- Headline employment growth in the US rose by 339k in May.
- The US Unemployment rate rose to 3.7%.
- Wage inflation slightly decreased.
The USD/JPY gained more than 60 pips on Friday, spiking to the 139.70 zone following the labor market data from the US which suggested that the Federal Reserve (Fed) may reconsider a further hike. As a reaction, the US Dollar gained traction on the back of rising US bond yields while Japanese yields continue to decline.
Yield divergence post NFP favors the Greenback
The US Bureau of Labor Statistics released that employment in the US measured by the Nonfarm payrolls (NFP) increased by 339k, way above the consensus of 190k. The Bureau stated that job gains were seen across various sectors, with notable increases in professional and business services and government employment.
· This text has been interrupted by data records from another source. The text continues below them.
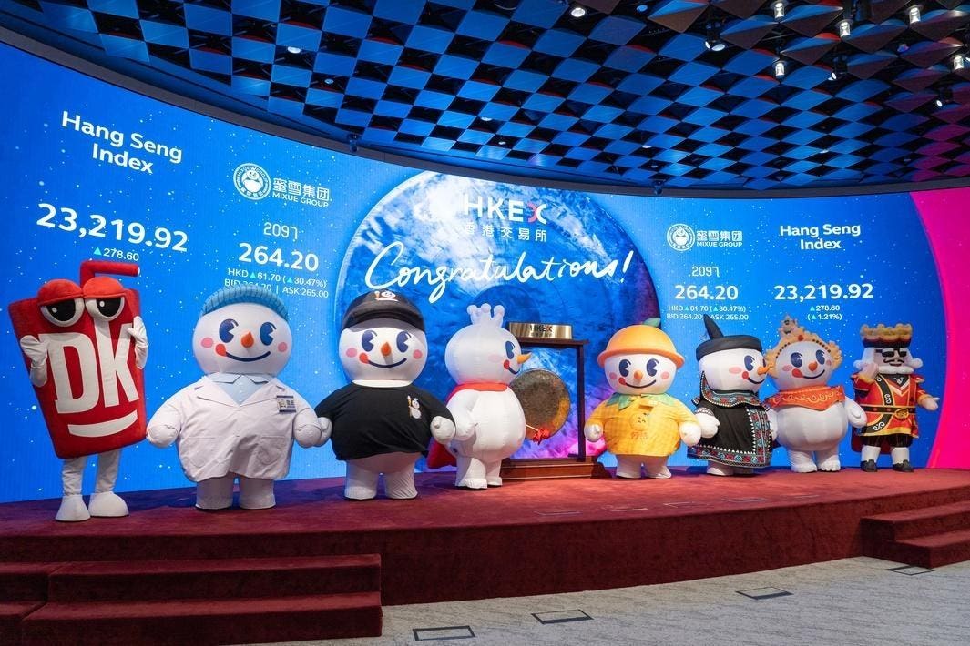 Mixue’s mascot, the Snow King, took the stage at the bubble tea chain’s IPO ceremony at the Hong Kong stock exchange on March 3, 2025.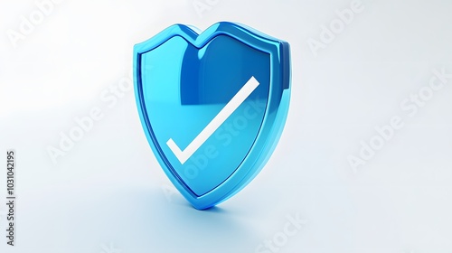 cartoon 3d Icon safety shield check mark perspective . Blue symbol security safety icon. Checkmark in minimalistic style. 3d vector illustration. white background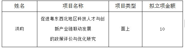 近日,广东省科技厅正式公布2026年省科技创新战略专项资金(省软科学)项目评审结果。我院洪昀老师主持申报的《促进粤东西北地区科技人才与创新产业链联动发展的政策评价与优化研究》成功获批面上项目,拟立项经费10万元。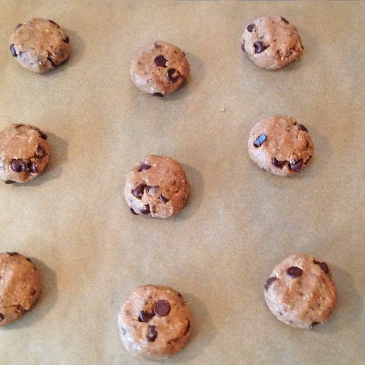 - Roll the dough in golf-ball sized balls and arrange on the parchment-lined cookie pan. Flatten the dough balls gently with your hand.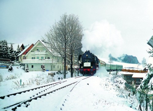 Anlässlich des 100-jährigen Jubiläums unserer Bahnlinie pendelten am 6. und 7. Dezember 1997 mehrmals dampflokbespannte Reisezüge zwischen Chemnitz und Wüstenbrand. Zum Einsatz kam dabei 50 3648 des Sächsischen Eisenbahnmuseums Chemnitz-Hilbersdorf. Im oberen Bahnhof von Grüna konnte die Kleindiesellok der Lugauer Eisenbahnfreunde auf dem Nebengleis für Führerstandsmitfahrten genutzt werden. Immerhin letzteres ist 25 Jahre später – Familie Köstner sei Dank – wiederholbar. Von einem dampflokgeführten Sonderzug mit wunderbaren Grünaer und Rabensteiner Aussichten auf die Winterlandschaft konnte man anno 2022 jedoch nur noch träumen.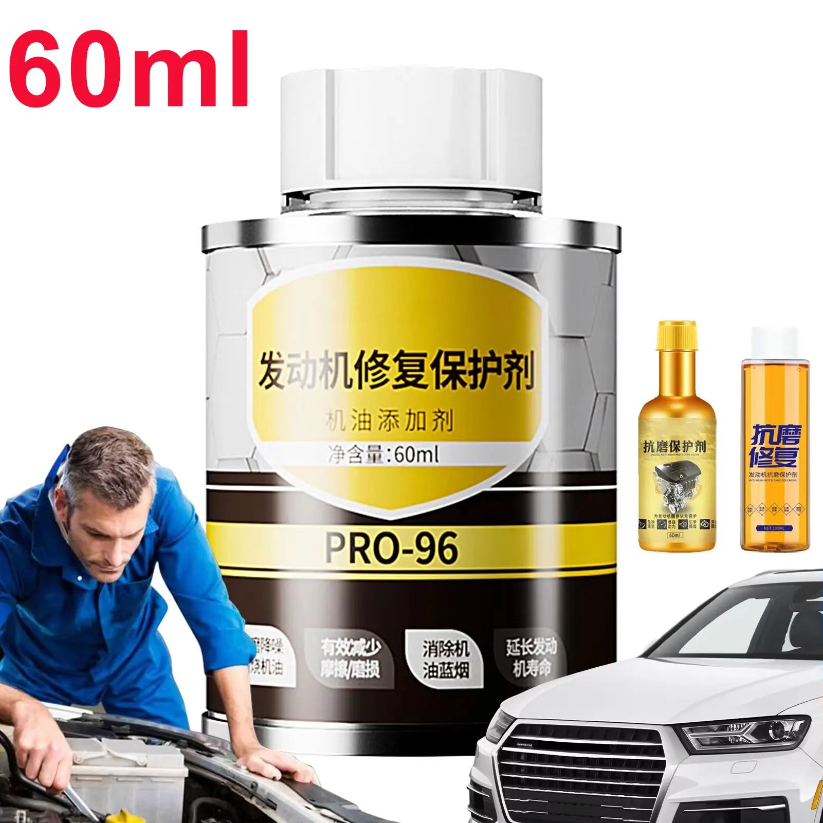 Bullet Points:1.Smooth Engine Performance: Our engine oil protectant protects important components, improving engine performance, reducing noise, and vibrations, and ensuring a longer-lasting, smoother ride 2.Friction Modified: Keep your engine running smoothly with our engine oil protectant. It reduces friction and prevents cold start damage, protecting and preparing your engine for optimal performance 3.Dependable I ngredients: Thanks to its advanced cooling i ngredients and increased viscosity, our engine oil protectant provides excellent engine protection against wear and tear. This reduces engine friction while maximizing power output and efficiency 4.Practical and Helpful: The engine repair additive effectively reduces oil burning while improving the full burning rate to extend the service life of engine parts 5.Widely Applicable: Engine oil additive, suitable for most vehicles, providing a widely applicable and practical solution for enhanced engine protection Protect your engine and reduce friction with our engine repair additive. Formulated with engine protector oil, it provides a practical solution for engine protection. Specifications:Product name: Engine repair protectantNet content: 60ml/100MLShelf life: 3 yearsProduct efficacy: Increase lubrication, reduce wear noise, cool, improve oil burningPacking List:1 * Engine repair protectantNotes: 1. Due to the lighting effects and photographing angles, there is a color difference in the product, please understand.2. Due to manual measurement, there is a tolerance in the product size.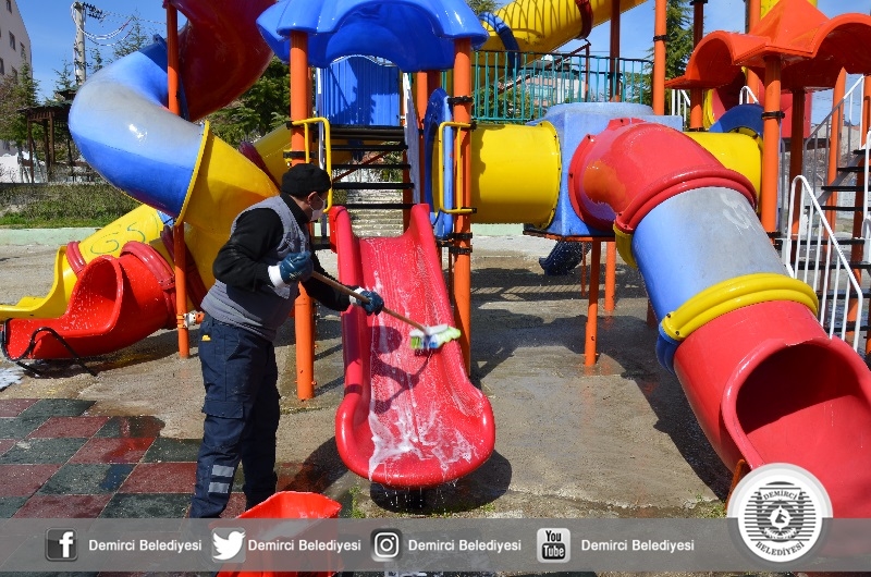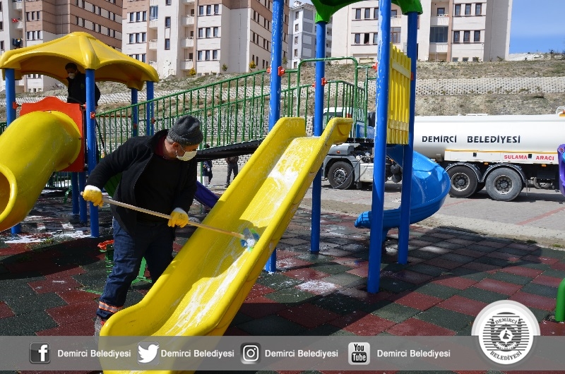 20 Mart Cuma günü Demirci Belediyesi Temizlik İşleri ekiplerince İlçedeki çocuk oyun parklarında çocuk oyun grupları deterjanla yıkanarak dezenfekte edildi. Diğer yandan belediye tankeri ile köpüklenen çocuk oyun grupları yıkandı.

Other figures show that the Unemployment rate picked up to 3.7% in the same period of time vs the 3.5% expected while wage inflation measured by the Average Hourly Earnings, came in at 4.3% YoY vs the 4.4% expected.
In that sense, while signs of slowing labor demand have emerged, the strong employment growth and persistent inflation are pressuring the Fed to consider further rate hikes which fueled an increase of the US bond yields. The US bond yields experienced an increase as a result of strong employment growth and persistent inflation, putting pressure on the Federal Reserve to consider raising interest rates. The 10-year bond yield in the US increased by 1%, reaching 3.67%. Additionally, the 2-year yield in the US rose by 1.98% to stand at 4.47%, while the 5-year yield increased by 1.29% to reach 3.79% and the increase of the US rates seem to be attracting foreign investors and hence supporting the US Dollar.
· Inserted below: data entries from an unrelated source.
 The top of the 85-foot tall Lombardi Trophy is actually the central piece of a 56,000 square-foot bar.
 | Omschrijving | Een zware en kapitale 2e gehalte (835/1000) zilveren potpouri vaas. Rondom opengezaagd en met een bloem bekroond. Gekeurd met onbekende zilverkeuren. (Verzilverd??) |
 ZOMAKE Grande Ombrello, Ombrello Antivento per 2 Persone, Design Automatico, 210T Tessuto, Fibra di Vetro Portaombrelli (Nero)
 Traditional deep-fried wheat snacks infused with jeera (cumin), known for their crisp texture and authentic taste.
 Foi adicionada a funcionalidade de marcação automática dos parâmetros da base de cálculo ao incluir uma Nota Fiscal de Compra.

However, the CME FedWatch tool suggests that markets still discount higher odds of a no hike by the Fed in the June 13-14 meeting, while the probabilities of a 25 basis point (bps) hike increased slightly to 30%.
In contrast, Japanese bond yields declined. The 10-year yield decreased by 1.68% to 0.41%, while the 2-year yield fell by 9.7% to stand at -0.07%. Furthermore, the 5-year yield in Japan experienced an 8.78% decrease, reaching 0.07% and applied further pressure on the Yen..
Levels to watch
According to the daily chart, the USD/JPY holds a bullish outlook for the short term as the Relative Strength Index (RSI) and Moving Average Convergence Divergence (MACD) both suggest that the buyers are in control while the pair trades above its main moving averages. The 4-hour chart also suggests bulls dominance as the mentioned indicators jumped from negative territory to positive zone.
The 140.00 level is key for USD/JPY to gain further traction. If cleared, we could see a more pronounced move towards the 140.50 zone and the psychological mark at 141.00. On the other hand, immediate support for USD/JPY is seen at the 138.90 zone level, followed by the 138.50 level and the psychological mark at 138.00.